Ôtsuki est, comme on dit , un homme à femmes. Ancien taulard, toxico et trafiquant de drogue, il ne brille guère qu’auprès de la gente féminine donc. Le reste du temps, il s’ennuie. Il n’a pas de travail et traîne dans les rues sans but défini. Un soir, par hasard, il croise un ancien collègue de travail (il en partit vite…) qui insiste pour lui présenter son maître, Kôyama Masamichi. Ce dernier, un prétendu calligraphe, lui montre un étrange film dans lequel se mélangent des scènes d’insectes et d’autres de pornographie mettant en scène une jeune femme (sa petite fille ?) avec un homme brutal. Le vieux libidineux lui demande alors de terminer le film en se concentrant sur les cheveux de Tomoé, la jeune femme en question.
Chose étrange : le vieillard connaît beaucoup d’éléments de la vie d’Ôtsuki. Notamment, pendant ses études, il fit un film expérimental. Puis après avoir abandonné l’université, il en fit un second dans une veine plus poético-intellectuelle. C’est ce qui convainquit Kôyama de l’engager. Après quelques réticences, il accepte, plus attiré par Tomoé que par le sujet de son film.
Une fois ce décor planté, Ôtsuki s’enfonce dans la déraison et l’obsession, sans parvenir à comprendre ce qui l’ui arrive. Aura-t-il le ressort physique et moral pour relever la tête ?
Ce roman d’une vive acuité sur les tourments humains nous happe de bout en bout. Son caractère éminemment inventif et la grande maîtrise narrative de son auteur séduit absolument. Il nous plonge dans un Tokyo à la fois bien réel, mais rempli des fantasmagories de plus en plus insaisissables tant pour le lecteur que pour son héros. Une multitudes d’évènements qu’il doit affronter surviennent d’on ne sait où, comme ce téléphone qui sonne alors qu’on le lui a coupér depuis bien longtemps. Ou bien ces visiteurs qui apparaissent chez lui en laissant des traces de leur passage sans qu’il sache de quoi il retourne.

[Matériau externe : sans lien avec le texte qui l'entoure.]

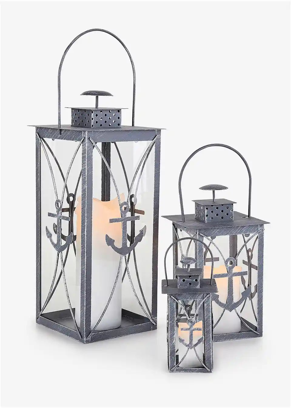 Čudovit komplet lantern s pomorskim motivom sidra in steklenimi ploščami. Ali v dnevnem prostoru, na hodniku, terasi ali balkonu, te laterne povsod ustvarijo prijetno svetlobo. Dimenzije Š/G/V pribl. veliko: 15,5x15,5x40 cm, srednje: 12x12x26 cm, majhno: 7x7x17,5 cm.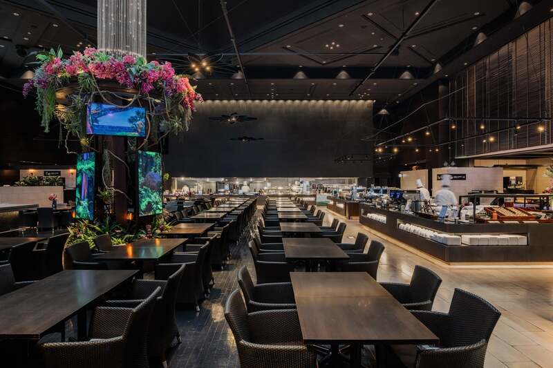 ディナーブッフェの会場となる「LUXE DINING HAPUNA」では、シェフがその場で切り分けるローストビーフなど、ライブキッチンを含む約80種類の多彩なメニューが揃っています。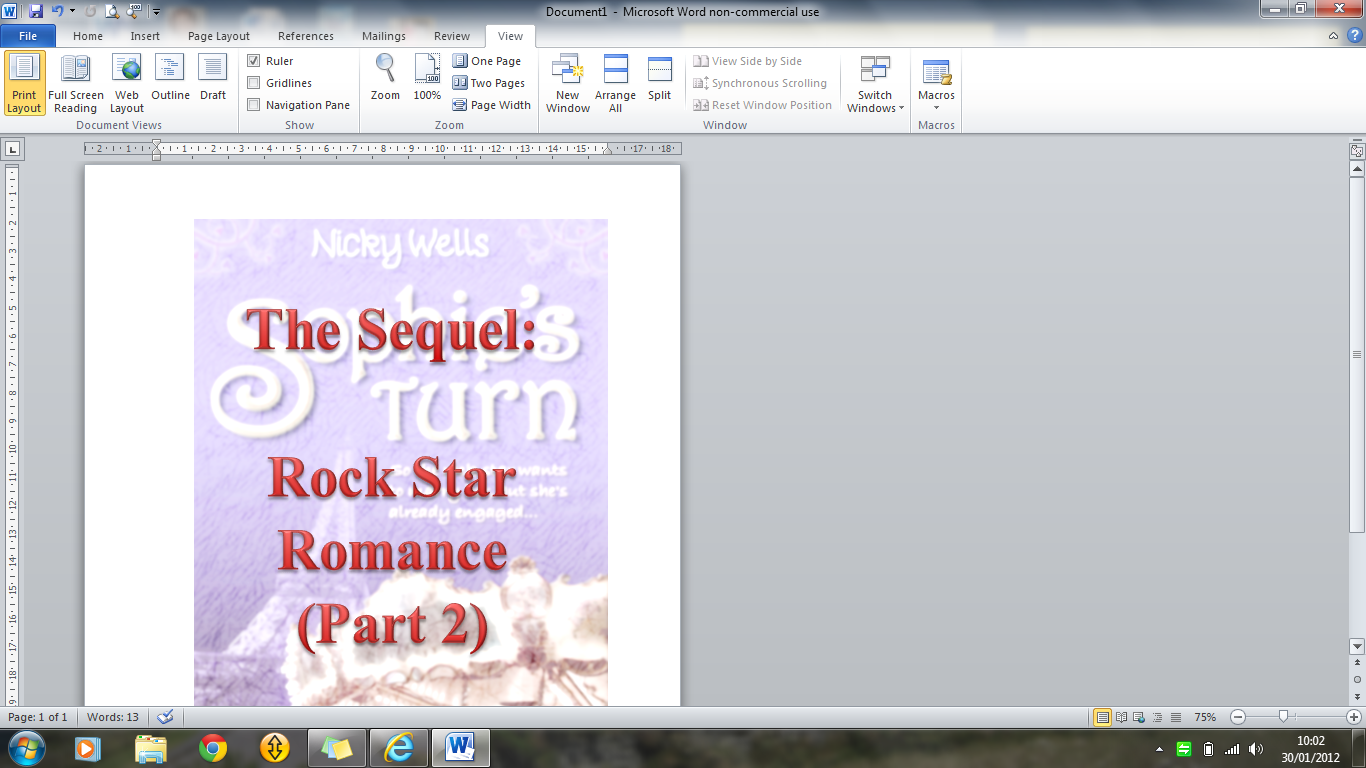 At this time, my second master piece is just over 149,000 words long. That would translate into something like 400 pages in paperback. Somebody has already told me that this very exciting: a real ‘doorstop read’ like we used to enjoy in the ’80s and ’90s. Personally, I am very partial to a long, fantastic read that really involves you and captivates you, and that’s why I have written another one. (Weighing in at just over 135,000 words, Sophie’s Turn would be about 380 pages long.)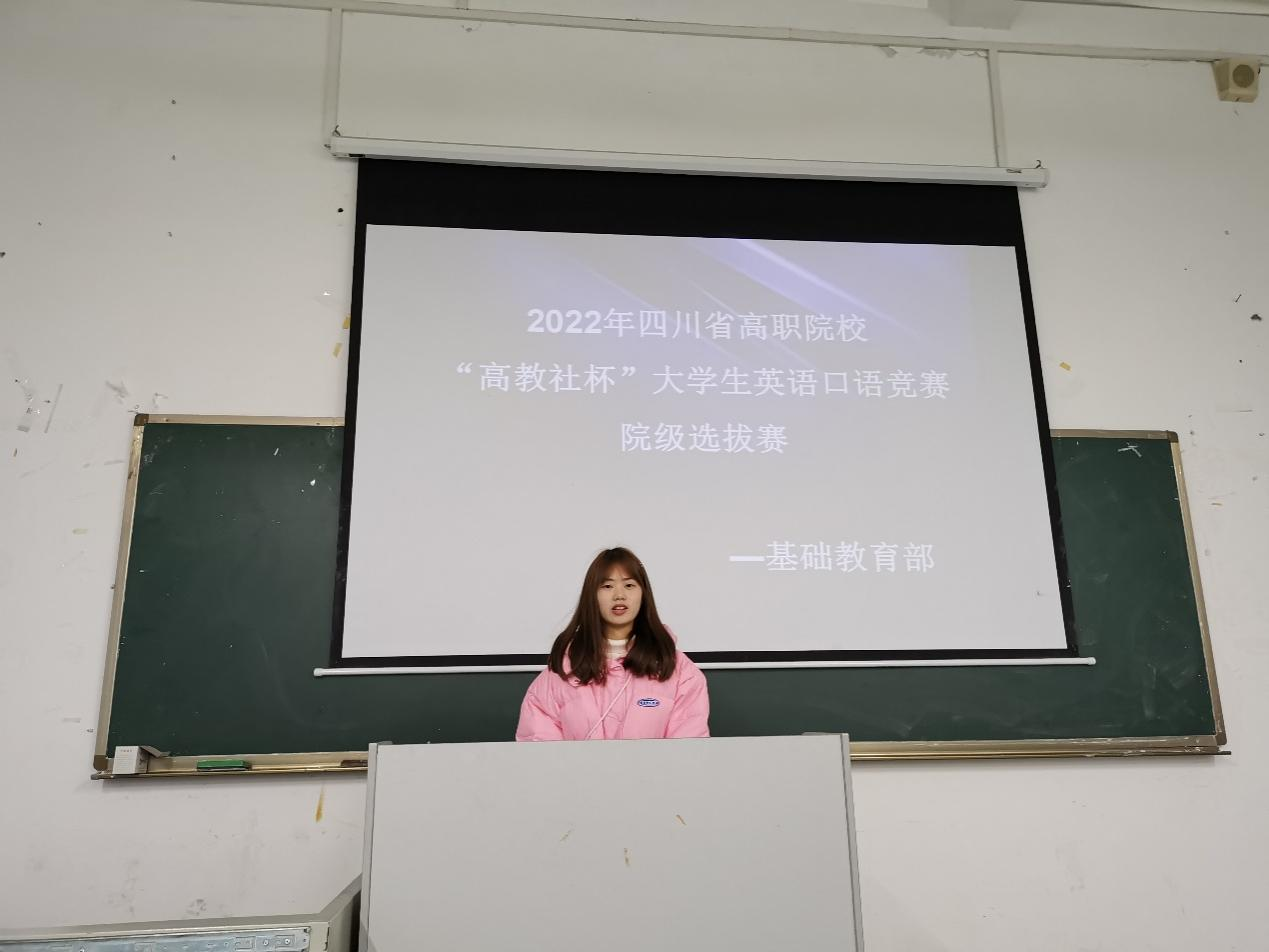 2022年四川省高职院校“高教社杯”大学生英语口语竞赛即将在下个学期举行,为了展现和提高我院学生英语口语表达能力,激发学生学习英语的积极性,也为了尽早为此项传统赛事做准备, 基础教育部于12月7日中午12点在博学楼102教室举行了院级选拔赛。参赛的10名选手是从各个二级学院报名参赛的46位学生中经视频初赛产生的。他们需要现场抽题,做十五分钟准备,并在三分钟内完成图表描述任务。 经过一番激烈角逐和评委审慎评分,最终有6名选手获得一、二、三等奖,基础教育部将安排专业指导老师对前3名选手进行下一轮培训,再从中遴选出1名学生代表学院参加明年春季四川省复赛。现将获奖名单公布如下: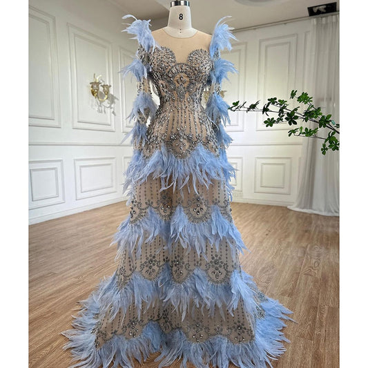 Blue Feather Beaded Evening Dresses Gowns 2025 Mermaid Luxury Elegant For Women Party LA71587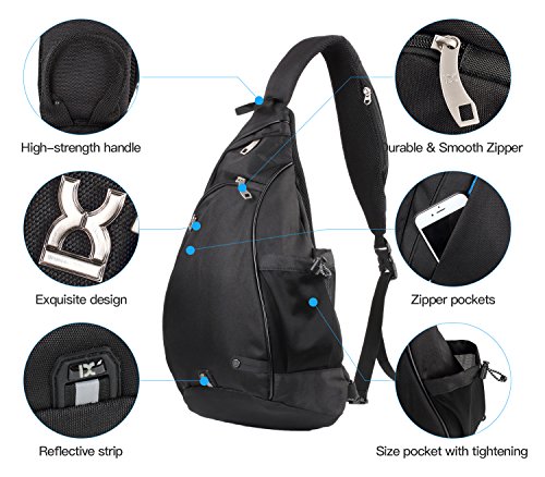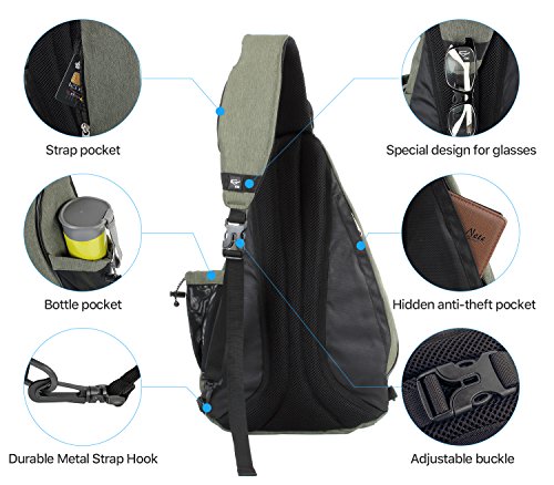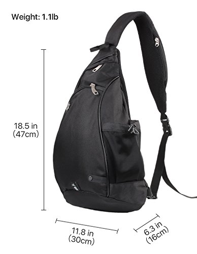 -. Feature : ★Ultra lightweight but durable sling bag - Made of durable polyester material, make it super comfortable, lightweight and durable to carry, featuring a spacious main pocket. Room for camera, iPad or a small laptop computer (up to 12"). / ★SIZE: 18.5" Sling Shoulder Bag. DIMENSIONS: 11.8" x 6.3" x 18.5" (L*W*H), WEIGHT: 1.1lb / ★Unbelievable Storage - No other bag has this many compartments! Equipped with several smart organizer pockets, such as 1 hidden anti-theft pocket on back & 1 external water bottle holder on side, 1 little ppocket on strap can put your cards, 2 front pocket for cell phone or notebook, 2 inner pockets in the largest pocket. Plenty of room for gadgets, books, water bottle & ipad. Easy access to small items. / ★Satchel strap is adjustable for as tight/loose, to hang as high or low as you want.Easily Changeable Strap Direction according to your preference. / ★REVERSIBLE SHOULDER STRAP DIRECTION - The perfect pack for both lefties & righties with reversible large, softly padded shoulder strap. Versatile & compact backpack, perfect as city daypack and for traveling as carry on lage. Suitable for men and women.

Tout est invention dans ce récit jusqu’à la perversité particulière de nombre de ses personnages. Pas tendre avec ses ceux-ci, voire cruel avec Ôtsuki, l’auteur nous dévoile une noirceur humaine de plus en plus implacable dans un fatras d’interactions menées par des personnages troubles voire criminels. Car ce qui intéresse Hisaki Matsuura, c’est avant tout la nature humaine. Et plus que tout, l’intériorité de son héros.
L’essentiel du récit est échafaudé comme un roman de série noire, notamment avec ses énigmes métaphysique sur la nature du temps. Mais l’enquête se résume surtout à l’introspection d’Ôtsuki. Ce qu’il veut ou pas, ce qu’il maîtrise ou pas. En somme, quelle est sa place sur terre ?
Camille DOUZELET et Pierrick SAUZON
Le calligraphe, Hisaki Matsuura, traduit du japonais par Sylvain Chupin, 352 pages, 21,50€, éd. Rivages/Noir.